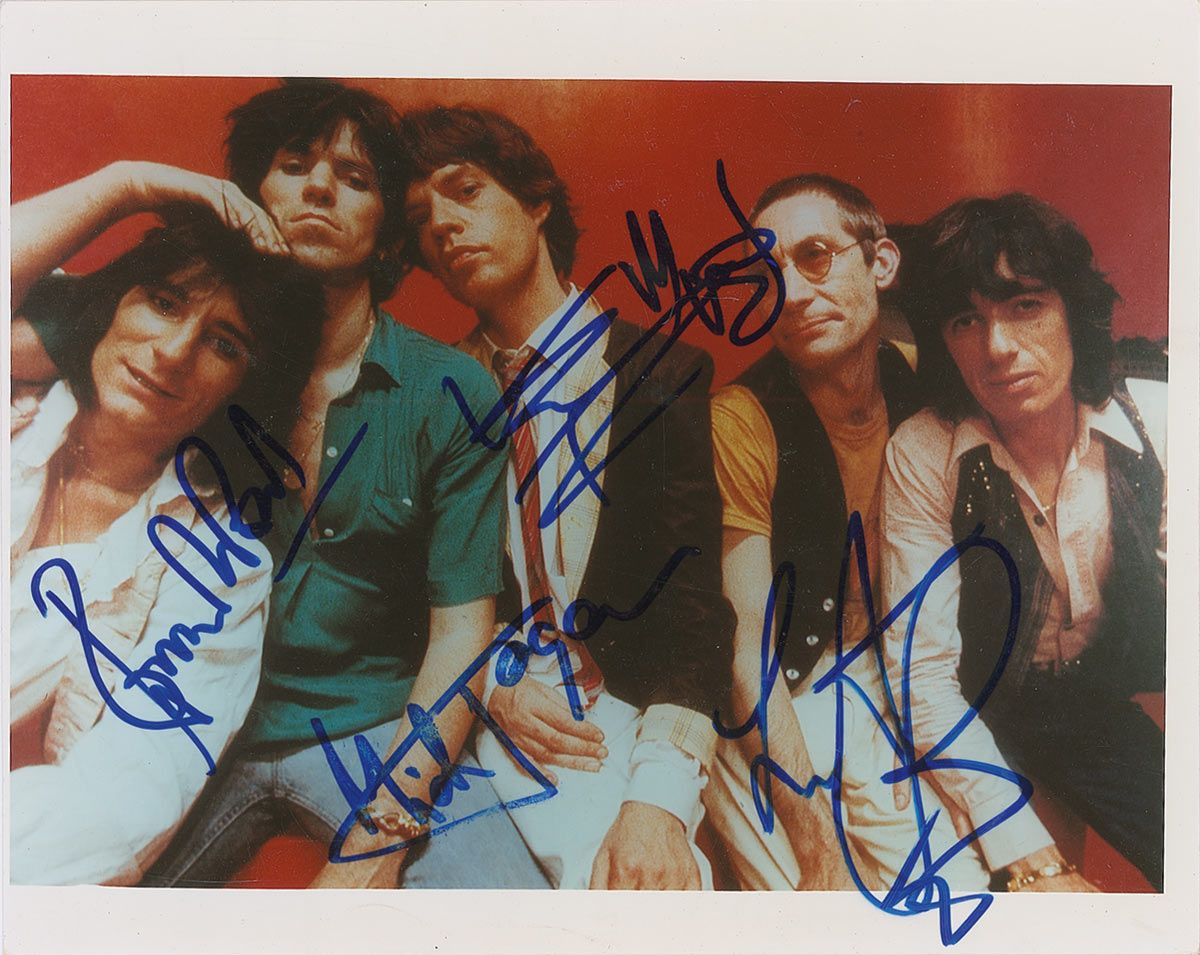 Color glossy 10 x 8 group photo, signed in blue felt tip by Mick Jagger, Keith Richards, Ron Wood and Charlie Watts. In fine condition, with a few light surface marks and some slight irregular adhesion to Jagger’s signature.
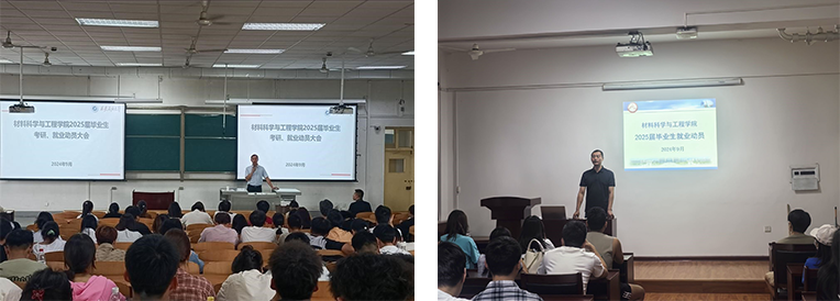 分别于9月24日在雁塔校区第四实验楼302和9月26日在鄠邑校区博览楼239教室召开2025届毕业生升学、就业再动员大会。学院党委副书记张云姿作动员讲话,100余名硕士研究生和260余名本科毕业生参加,会议由辅导员宋二鹏和周鑫主持。
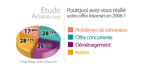 Ariase publie aujourd’hui son observatoire des résiliations 2008. Cette étude est rendue possible grâce au générateur de lettres de résiliations d’Ariase, qui lui permet de collecter, de façon anonyme, les causes de la résiliation ainsi que le futur FAI choisi.

● Task statement
The reply should repeat the data in full, exactly as given, and contain no pictures.

● Result
 Color glossy 10 x 8 group photo, signed in blue felt tip by Mick Jagger, Keith Richards, Ron Wood and Charlie Watts. In fine condition, with a few light surface marks and some slight irregular adhesion to Jagger’s signature.
 分别于9月24日在雁塔校区第四实验楼302和9月26日在鄠邑校区博览楼239教室召开2025届毕业生升学、就业再动员大会。学院党委副书记张云姿作动员讲话,100余名硕士研究生和260余名本科毕业生参加,会议由辅导员宋二鹏和周鑫主持。
 Ariase publie aujourd’hui son observatoire des résiliations 2008. Cette étude est rendue possible grâce au générateur de lettres de résiliations d’Ariase, qui lui permet de collecter, de façon anonyme, les causes de la résiliation ainsi que le futur FAI choisi.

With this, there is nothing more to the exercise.